Shown below are entries with pictures; the line with "- В наборе 24" through the line with "Povlečení Spider-Man Meanwhile" is the span to retype exactly, and the pictures stay out.

- Exercise materials
◇ ◇ ◇ ◇ ◇
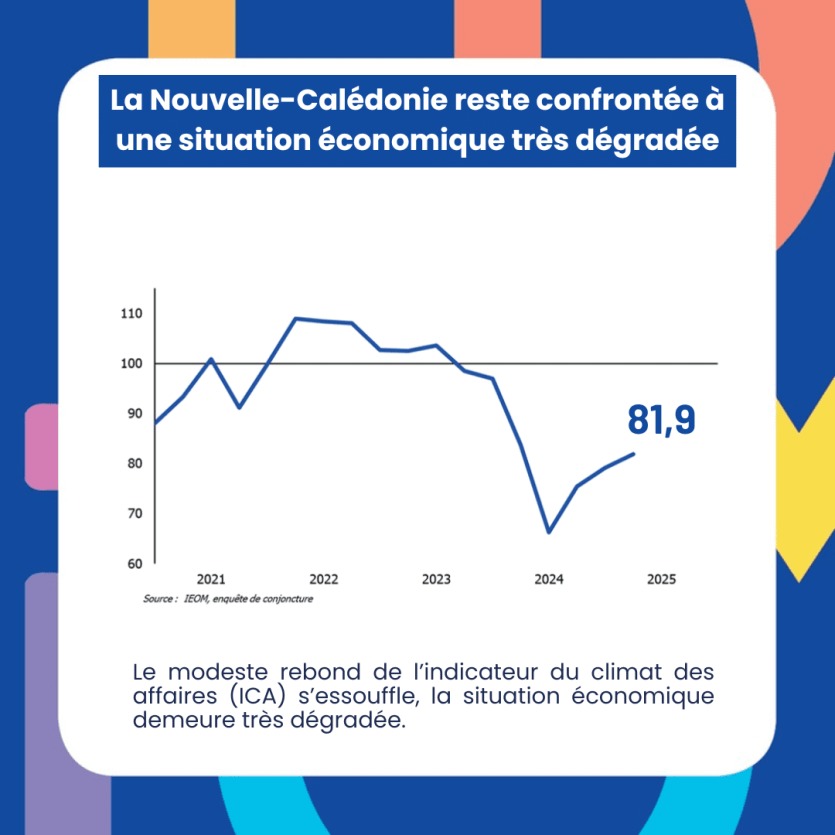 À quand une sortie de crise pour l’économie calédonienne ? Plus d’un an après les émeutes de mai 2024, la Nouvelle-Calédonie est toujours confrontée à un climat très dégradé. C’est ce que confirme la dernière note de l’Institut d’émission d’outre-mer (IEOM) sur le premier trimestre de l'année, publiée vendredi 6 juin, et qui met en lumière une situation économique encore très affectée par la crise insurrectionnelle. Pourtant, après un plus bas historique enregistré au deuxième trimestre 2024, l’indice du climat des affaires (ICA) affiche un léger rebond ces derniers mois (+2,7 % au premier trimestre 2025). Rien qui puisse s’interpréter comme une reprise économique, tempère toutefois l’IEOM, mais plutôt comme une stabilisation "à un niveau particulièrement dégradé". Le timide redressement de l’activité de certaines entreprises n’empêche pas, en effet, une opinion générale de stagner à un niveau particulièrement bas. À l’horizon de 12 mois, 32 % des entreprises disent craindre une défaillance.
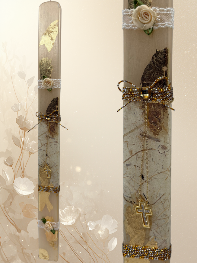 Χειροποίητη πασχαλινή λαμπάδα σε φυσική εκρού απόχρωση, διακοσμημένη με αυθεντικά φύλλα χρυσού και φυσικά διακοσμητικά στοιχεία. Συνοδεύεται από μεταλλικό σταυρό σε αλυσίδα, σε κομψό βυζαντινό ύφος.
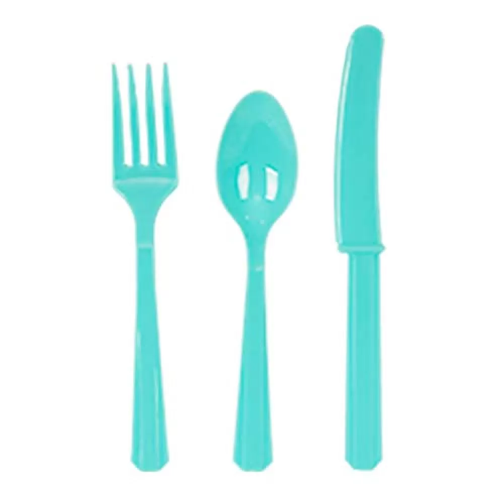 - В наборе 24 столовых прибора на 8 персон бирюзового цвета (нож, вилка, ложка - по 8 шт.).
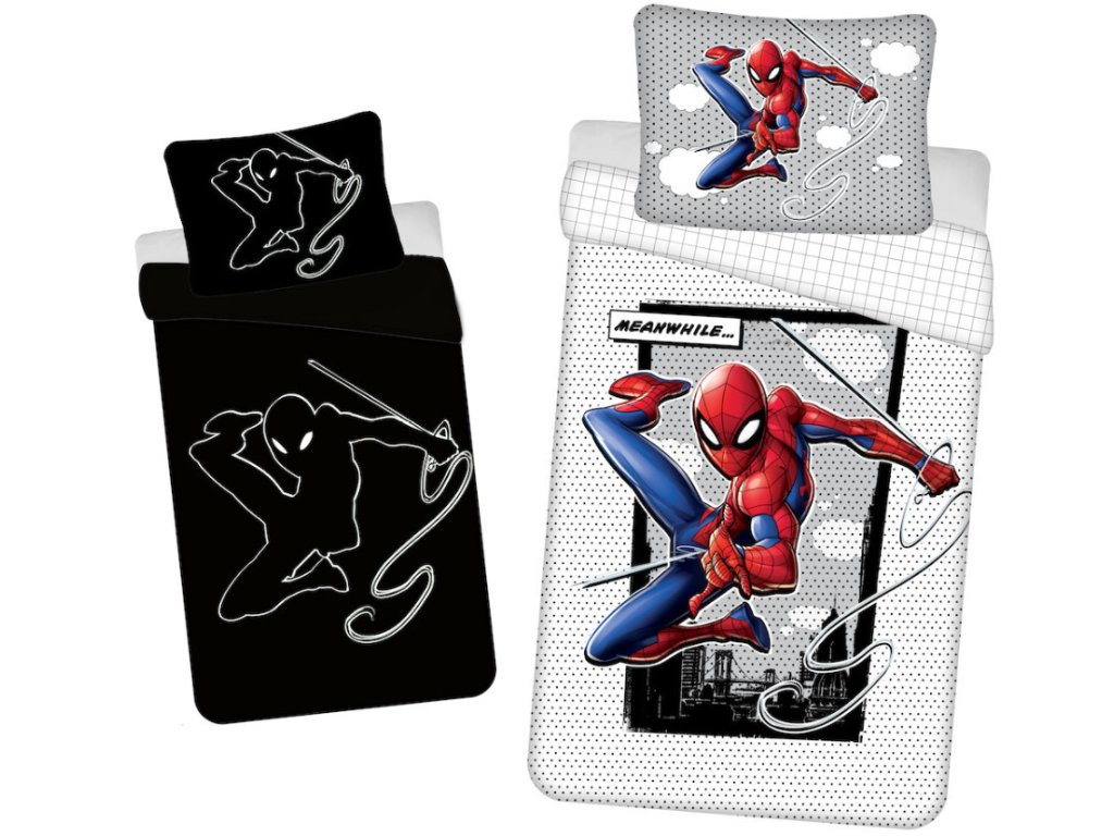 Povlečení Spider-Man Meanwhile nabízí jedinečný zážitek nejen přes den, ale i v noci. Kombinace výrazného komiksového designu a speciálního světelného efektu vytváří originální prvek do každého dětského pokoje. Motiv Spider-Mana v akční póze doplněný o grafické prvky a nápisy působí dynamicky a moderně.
◇ ◇ ◇ ◇ ◇
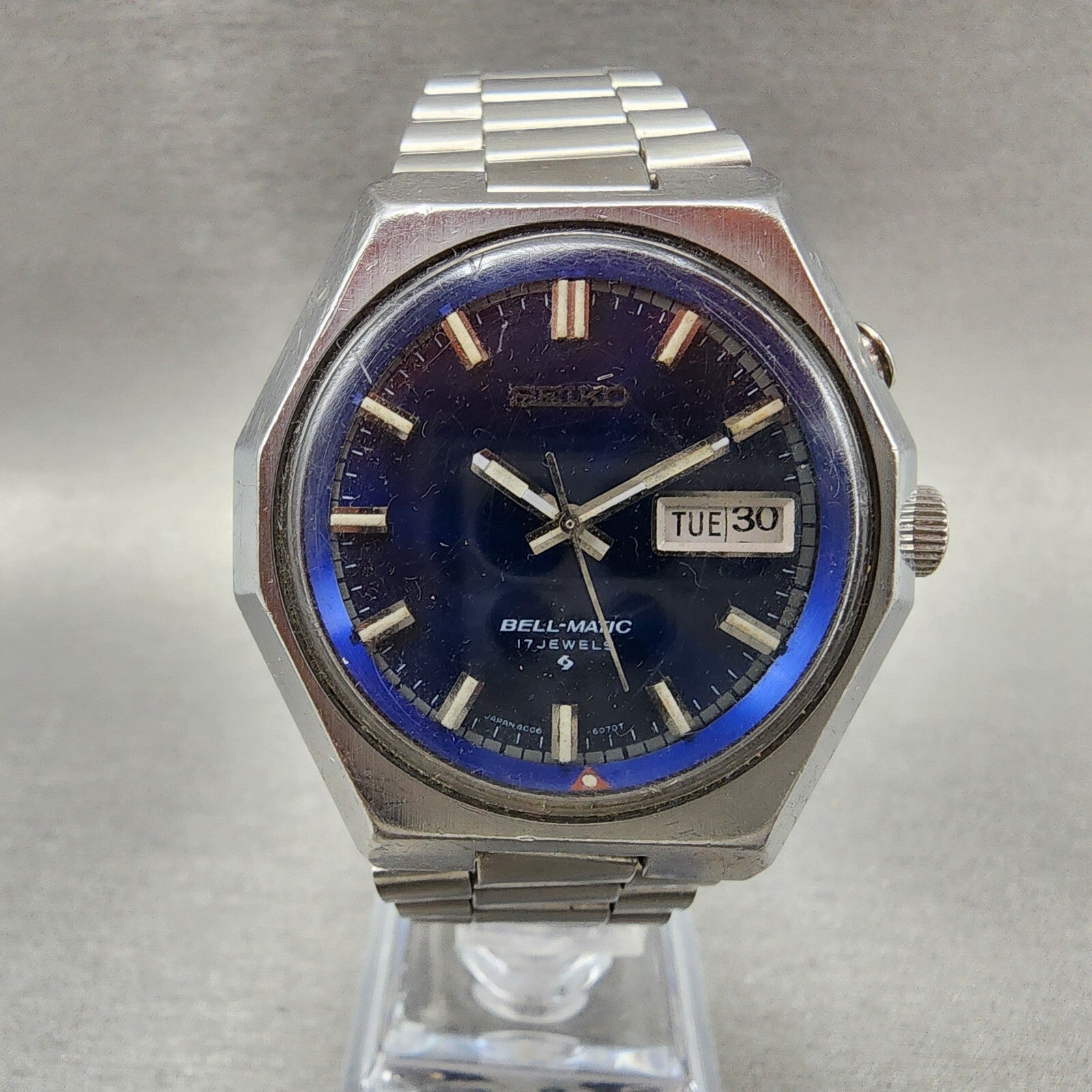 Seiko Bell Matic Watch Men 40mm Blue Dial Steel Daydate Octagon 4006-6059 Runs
◇ ◇ ◇ ◇ ◇
- Solved problem
 - В наборе 24 столовых прибора на 8 персон бирюзового цвета (нож, вилка, ложка - по 8 шт.).
 Povlečení Spider-Man Meanwhile nabízí jedinečný zážitek nejen přes den, ale i v noci. Kombinace výrazného komiksového designu a speciálního světelného efektu vytváří originální prvek do každého dětského pokoje. Motiv Spider-Mana v akční póze doplněný o grafické prvky a nápisy působí dynamicky a moderně.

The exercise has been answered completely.